Former US Secretary of State Henry Kissinger said of the Commission: “[It was] a great tribute to Israeli democracy… There are very few governments in the world that one can imagine making such a public investigation of such a difficult and shameful episode.”
But the Israeli government debated whether to accept the Committee’s conclusion. The government convened. Around the government building, opposing groups gathered and demonstrated, both for and against Sharon. The demonstrators’ conflict ended in a murder. A hand grenade was thrown to a Peace Now crowd, and Emil Greinzweig was killed.
Few days after the massacre in Sabra and Shatila, IDF forces left Beirut and retreated to the south.
First lieutenant Itay Shiloni: “A place that was considered just an hour earlier a crucial position for our security is becoming a spot we have to evacuate in half an hour. Crossroads, in which we had to prevent movement from east to west at all costs, had to be cleared in no time. The urgency to leave this city was astounding. This is also one of those things that won’t ever cease to disturb your mind: How come that a position that was so important just an hour earlier, a position that was worth getting killed for, now becoming a spot you have to rapidly clear out of?”

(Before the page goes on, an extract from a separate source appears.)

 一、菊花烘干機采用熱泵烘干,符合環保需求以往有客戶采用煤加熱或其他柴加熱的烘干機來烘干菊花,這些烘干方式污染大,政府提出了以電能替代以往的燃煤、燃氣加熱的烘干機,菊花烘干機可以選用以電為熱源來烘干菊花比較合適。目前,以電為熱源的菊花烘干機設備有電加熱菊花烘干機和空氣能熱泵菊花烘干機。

IDF troops stayed in Lebanon for two more years. At first they served as a buffer between Christians and Druze, who joined the Muslims. Then the Shia Muslims got organized, and the same people who greeted IDF with rice and cheers, now announced a Jihad, a Holy War, on Occupying Israel. Cruel and destructive guerilla fighting began in south Lebanon: car bombs, booby traps, ambushes and suicide bombers.

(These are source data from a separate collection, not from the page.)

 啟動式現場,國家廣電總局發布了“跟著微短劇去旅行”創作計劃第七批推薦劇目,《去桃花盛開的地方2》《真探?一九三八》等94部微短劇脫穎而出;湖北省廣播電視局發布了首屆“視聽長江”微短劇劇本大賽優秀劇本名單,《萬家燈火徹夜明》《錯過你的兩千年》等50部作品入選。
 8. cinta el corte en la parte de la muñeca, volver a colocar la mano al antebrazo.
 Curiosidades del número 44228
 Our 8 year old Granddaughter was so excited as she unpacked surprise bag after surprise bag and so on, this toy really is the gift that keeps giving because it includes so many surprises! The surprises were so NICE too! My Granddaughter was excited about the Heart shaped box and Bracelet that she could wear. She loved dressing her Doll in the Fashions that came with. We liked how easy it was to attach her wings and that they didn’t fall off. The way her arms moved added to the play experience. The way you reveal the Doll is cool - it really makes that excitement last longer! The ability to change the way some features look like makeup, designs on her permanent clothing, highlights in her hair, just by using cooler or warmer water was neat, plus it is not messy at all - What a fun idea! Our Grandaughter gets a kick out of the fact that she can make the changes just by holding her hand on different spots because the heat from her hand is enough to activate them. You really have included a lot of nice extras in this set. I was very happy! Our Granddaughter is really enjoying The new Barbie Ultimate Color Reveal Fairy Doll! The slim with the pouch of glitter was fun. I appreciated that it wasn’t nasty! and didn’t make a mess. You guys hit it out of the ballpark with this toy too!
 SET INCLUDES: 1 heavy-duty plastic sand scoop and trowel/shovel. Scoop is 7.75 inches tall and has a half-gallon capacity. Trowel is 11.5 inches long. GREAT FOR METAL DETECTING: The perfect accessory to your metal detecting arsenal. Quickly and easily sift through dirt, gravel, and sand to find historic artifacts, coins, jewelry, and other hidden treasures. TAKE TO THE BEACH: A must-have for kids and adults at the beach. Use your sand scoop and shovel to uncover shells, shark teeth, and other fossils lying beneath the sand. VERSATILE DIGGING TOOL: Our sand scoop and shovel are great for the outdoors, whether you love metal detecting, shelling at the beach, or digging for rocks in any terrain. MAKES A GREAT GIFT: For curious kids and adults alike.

Reserve soldiers returned from service in Lebanon straight to the Prime Minister’s house to protest against the war. They put a sign with the ever increasing numbers of the dead. They carried placards that read: “Those who go to Lebanon have no trust in you.”
When the numbers of the dead got to hundreds, Prime Minister Begin got depressed. At the end of August, 1983, he announced that he cannot carry on and retired to his home. Two more winters would pass until IDF soldiers would go home too.

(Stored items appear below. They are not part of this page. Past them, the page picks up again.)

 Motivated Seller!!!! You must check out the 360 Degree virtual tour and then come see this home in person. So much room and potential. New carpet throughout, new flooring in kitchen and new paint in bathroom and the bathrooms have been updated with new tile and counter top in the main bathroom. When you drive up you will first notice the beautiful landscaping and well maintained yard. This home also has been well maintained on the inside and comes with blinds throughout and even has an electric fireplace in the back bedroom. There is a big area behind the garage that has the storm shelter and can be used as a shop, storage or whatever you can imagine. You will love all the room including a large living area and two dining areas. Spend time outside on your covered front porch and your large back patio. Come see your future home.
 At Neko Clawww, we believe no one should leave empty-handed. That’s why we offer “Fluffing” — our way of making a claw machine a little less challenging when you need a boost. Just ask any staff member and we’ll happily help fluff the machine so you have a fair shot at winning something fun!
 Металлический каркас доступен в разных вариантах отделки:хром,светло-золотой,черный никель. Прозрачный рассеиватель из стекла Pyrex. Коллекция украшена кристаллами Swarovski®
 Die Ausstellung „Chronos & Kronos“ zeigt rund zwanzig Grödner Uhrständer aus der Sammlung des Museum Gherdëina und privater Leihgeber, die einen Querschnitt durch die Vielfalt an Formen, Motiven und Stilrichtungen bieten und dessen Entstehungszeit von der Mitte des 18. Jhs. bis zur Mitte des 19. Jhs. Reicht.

Knesset Member Yossi Sarid, Labor Party: “Ariel Sharon wanted this war in order to create a new Middle East. He intended to strike and eliminate the PLO and thereby create an alternative leadership, which could not be and cannot be today and cannot ever be. This was the goal. The war was designed to achieve that goal. It was very clear to someone like me that this goal could not be achieved, and therefore it’s all very simple: it was an adventure of Sharon, it could not but fail, and it did in fact fail.”
On 1998, Ariel Sharon said in a television interview: “I don’t feel that I sit here as a defendant in front of you. I think that the Peace of the Galilee War was one of the most justified wars of Israel, one of the most justified wars of Israel. And I think that the worst thing that happened is that – mostly out of internal political interests and as a result of lack of unity and lack of consensus – we did not achieve what we could have achieved. We could have achieved more.”